### SUPPLIED ENTRIES
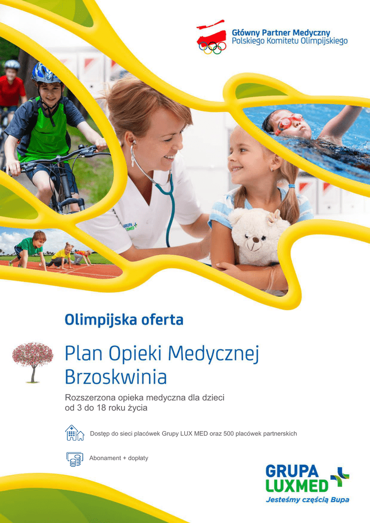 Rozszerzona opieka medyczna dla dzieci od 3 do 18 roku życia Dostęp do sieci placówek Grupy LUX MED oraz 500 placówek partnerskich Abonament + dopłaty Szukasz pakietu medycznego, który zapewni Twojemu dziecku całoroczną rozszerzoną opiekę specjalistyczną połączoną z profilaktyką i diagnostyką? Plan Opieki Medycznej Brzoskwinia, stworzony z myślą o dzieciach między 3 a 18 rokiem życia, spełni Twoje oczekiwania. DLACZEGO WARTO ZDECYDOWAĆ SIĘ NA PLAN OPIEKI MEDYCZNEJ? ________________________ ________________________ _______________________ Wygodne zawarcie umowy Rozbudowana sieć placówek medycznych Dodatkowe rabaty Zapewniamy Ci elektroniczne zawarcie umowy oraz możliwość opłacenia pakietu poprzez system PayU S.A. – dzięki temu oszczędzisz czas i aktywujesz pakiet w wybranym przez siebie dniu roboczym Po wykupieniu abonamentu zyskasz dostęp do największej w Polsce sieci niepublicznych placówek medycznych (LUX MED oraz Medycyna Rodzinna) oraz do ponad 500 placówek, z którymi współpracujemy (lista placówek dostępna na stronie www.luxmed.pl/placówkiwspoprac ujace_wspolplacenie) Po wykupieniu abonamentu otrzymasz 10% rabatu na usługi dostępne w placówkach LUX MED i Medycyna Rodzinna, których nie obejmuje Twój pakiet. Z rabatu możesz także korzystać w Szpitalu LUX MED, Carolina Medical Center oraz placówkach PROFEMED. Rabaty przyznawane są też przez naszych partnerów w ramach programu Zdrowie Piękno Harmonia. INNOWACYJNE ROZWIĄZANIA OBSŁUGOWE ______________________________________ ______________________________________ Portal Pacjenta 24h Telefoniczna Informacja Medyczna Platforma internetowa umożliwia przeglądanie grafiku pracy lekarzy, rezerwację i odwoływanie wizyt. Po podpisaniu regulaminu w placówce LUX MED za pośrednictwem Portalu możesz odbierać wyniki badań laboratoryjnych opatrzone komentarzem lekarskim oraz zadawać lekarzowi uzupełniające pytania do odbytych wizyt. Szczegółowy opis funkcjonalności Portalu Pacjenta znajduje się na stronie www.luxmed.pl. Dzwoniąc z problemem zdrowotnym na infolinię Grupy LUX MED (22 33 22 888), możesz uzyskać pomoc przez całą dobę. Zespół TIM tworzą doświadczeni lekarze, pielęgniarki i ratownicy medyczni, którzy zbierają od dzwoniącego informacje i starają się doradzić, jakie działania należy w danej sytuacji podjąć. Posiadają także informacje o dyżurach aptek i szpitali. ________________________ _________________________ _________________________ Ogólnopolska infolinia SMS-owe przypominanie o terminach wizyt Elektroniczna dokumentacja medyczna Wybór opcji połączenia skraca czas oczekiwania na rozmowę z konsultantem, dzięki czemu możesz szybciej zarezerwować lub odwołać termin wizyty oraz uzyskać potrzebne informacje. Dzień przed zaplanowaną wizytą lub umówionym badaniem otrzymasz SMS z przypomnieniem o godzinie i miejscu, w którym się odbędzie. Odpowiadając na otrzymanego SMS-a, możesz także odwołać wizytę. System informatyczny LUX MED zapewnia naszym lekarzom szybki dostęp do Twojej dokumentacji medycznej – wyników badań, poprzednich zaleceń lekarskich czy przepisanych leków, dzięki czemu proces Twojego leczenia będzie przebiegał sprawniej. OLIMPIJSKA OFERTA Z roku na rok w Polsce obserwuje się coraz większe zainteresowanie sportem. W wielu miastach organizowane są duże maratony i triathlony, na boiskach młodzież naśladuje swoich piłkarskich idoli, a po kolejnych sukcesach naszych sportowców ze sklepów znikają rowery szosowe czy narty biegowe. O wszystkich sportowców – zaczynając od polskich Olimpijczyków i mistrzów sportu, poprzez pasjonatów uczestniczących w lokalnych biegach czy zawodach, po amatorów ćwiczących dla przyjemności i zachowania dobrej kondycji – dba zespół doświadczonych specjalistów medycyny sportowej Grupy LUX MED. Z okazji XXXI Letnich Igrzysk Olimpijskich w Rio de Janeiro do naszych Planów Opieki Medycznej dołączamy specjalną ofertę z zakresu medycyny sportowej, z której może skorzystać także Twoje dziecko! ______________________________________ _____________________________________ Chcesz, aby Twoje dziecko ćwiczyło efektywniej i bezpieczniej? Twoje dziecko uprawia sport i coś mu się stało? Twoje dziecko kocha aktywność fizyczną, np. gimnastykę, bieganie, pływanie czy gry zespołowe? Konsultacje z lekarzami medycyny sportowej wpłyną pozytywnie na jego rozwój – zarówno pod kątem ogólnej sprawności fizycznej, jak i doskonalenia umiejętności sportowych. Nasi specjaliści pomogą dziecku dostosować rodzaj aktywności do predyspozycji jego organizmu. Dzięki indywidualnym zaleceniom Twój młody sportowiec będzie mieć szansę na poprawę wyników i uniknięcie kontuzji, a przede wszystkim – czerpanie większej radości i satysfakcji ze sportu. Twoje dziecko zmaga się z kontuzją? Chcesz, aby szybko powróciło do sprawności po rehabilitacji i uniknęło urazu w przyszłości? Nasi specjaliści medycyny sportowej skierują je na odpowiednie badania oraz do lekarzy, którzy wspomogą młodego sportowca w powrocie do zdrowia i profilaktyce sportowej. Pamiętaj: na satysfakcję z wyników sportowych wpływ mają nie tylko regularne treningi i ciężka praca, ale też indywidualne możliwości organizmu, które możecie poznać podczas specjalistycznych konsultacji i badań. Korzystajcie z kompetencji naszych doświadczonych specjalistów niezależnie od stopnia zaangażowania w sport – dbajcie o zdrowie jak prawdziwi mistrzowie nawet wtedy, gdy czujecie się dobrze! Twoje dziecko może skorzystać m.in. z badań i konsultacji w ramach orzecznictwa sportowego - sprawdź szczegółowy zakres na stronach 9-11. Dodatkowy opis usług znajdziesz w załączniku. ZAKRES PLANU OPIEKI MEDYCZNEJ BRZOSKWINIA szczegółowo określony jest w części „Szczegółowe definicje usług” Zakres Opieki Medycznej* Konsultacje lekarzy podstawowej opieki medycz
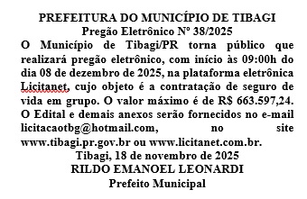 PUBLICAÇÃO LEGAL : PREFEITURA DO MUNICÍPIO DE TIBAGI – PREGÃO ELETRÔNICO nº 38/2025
######
### SUPPLIED ENTRIES
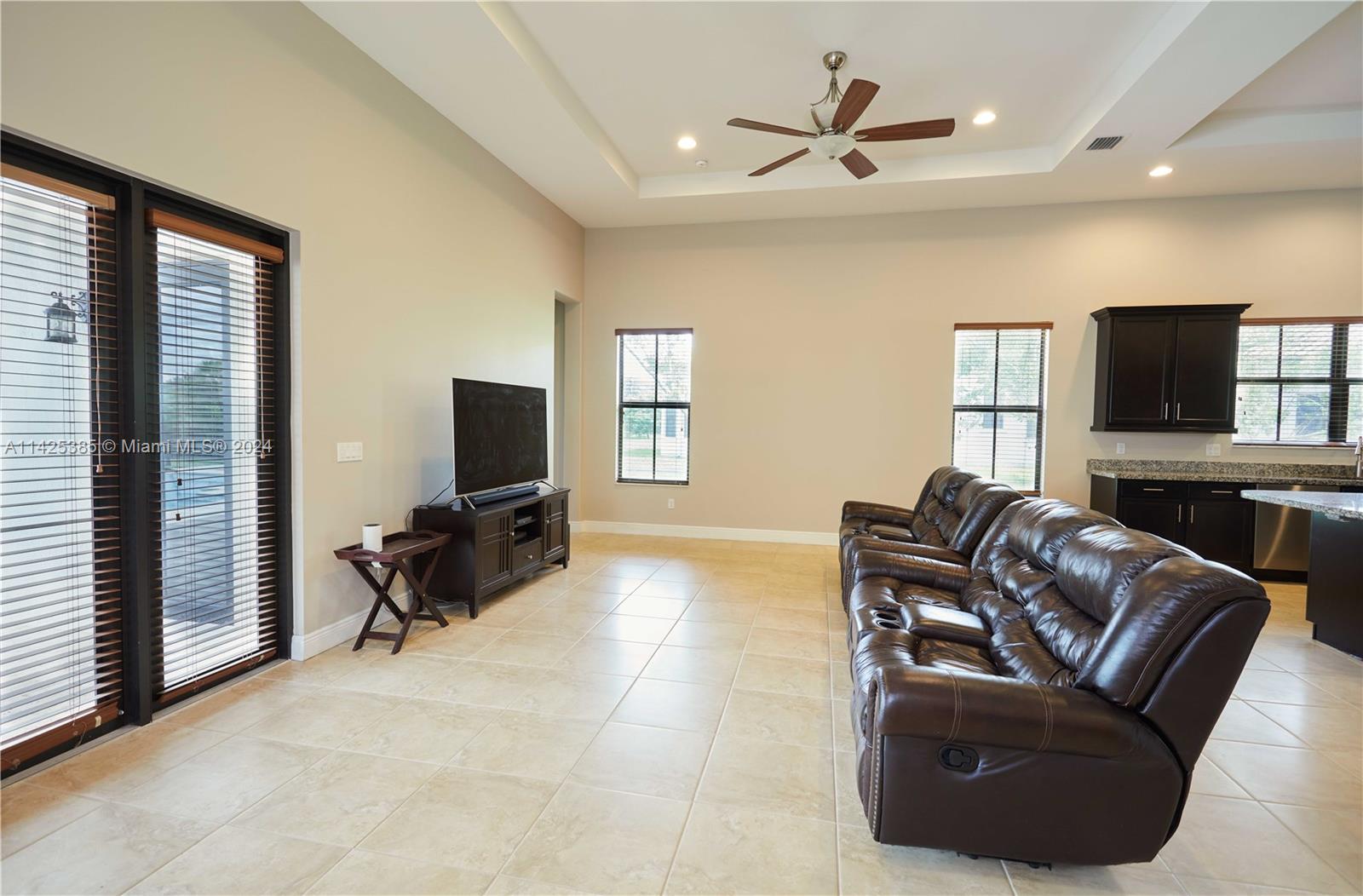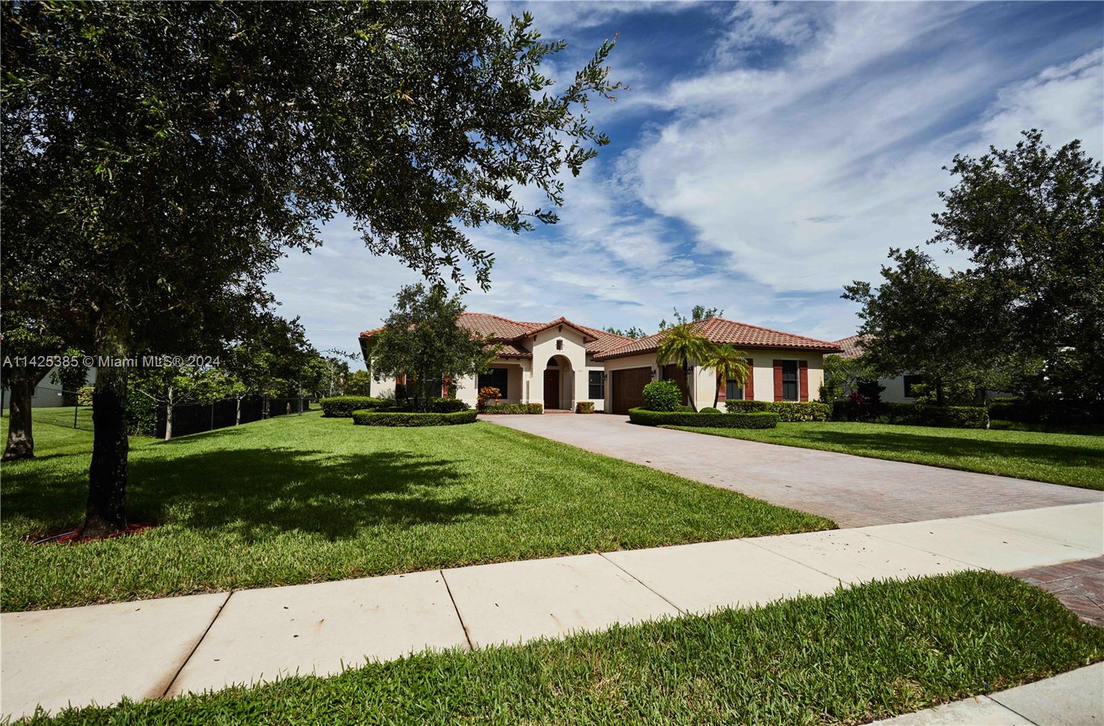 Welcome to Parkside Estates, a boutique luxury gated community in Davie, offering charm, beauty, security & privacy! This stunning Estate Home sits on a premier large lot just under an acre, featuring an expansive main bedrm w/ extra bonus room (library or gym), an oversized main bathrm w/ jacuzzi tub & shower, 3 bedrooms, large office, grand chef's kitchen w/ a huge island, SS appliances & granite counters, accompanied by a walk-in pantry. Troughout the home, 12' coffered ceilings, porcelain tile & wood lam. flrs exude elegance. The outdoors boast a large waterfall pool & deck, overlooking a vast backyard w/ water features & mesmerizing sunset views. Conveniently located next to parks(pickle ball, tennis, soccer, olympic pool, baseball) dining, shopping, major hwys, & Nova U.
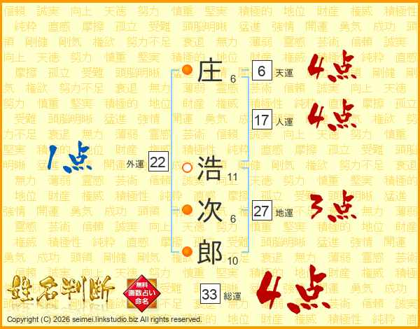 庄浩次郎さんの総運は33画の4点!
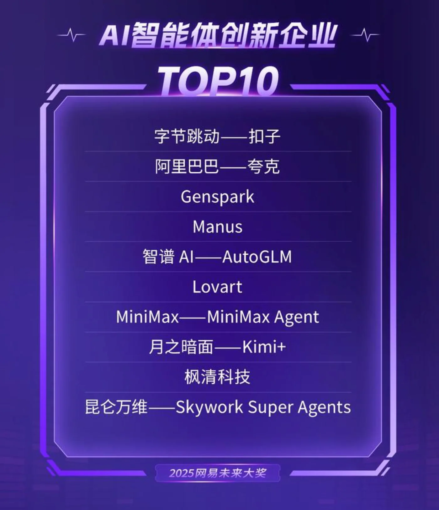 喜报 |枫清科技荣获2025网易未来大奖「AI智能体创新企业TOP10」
######
YOUR OBJECTIVE
All that should be printed is the run of lines above from the one with "庄浩次郎さんの総運は33画の4点!" through the one with "喜报 |枫清科技荣获2025网易未来大奖「AI智能体创新企业TOP10」", both included, exactly as given, with pictures left out.

RESULT OF THIS TASK
 庄浩次郎さんの総運は33画の4点!
 喜报 |枫清科技荣获2025网易未来大奖「AI智能体创新企业TOP10」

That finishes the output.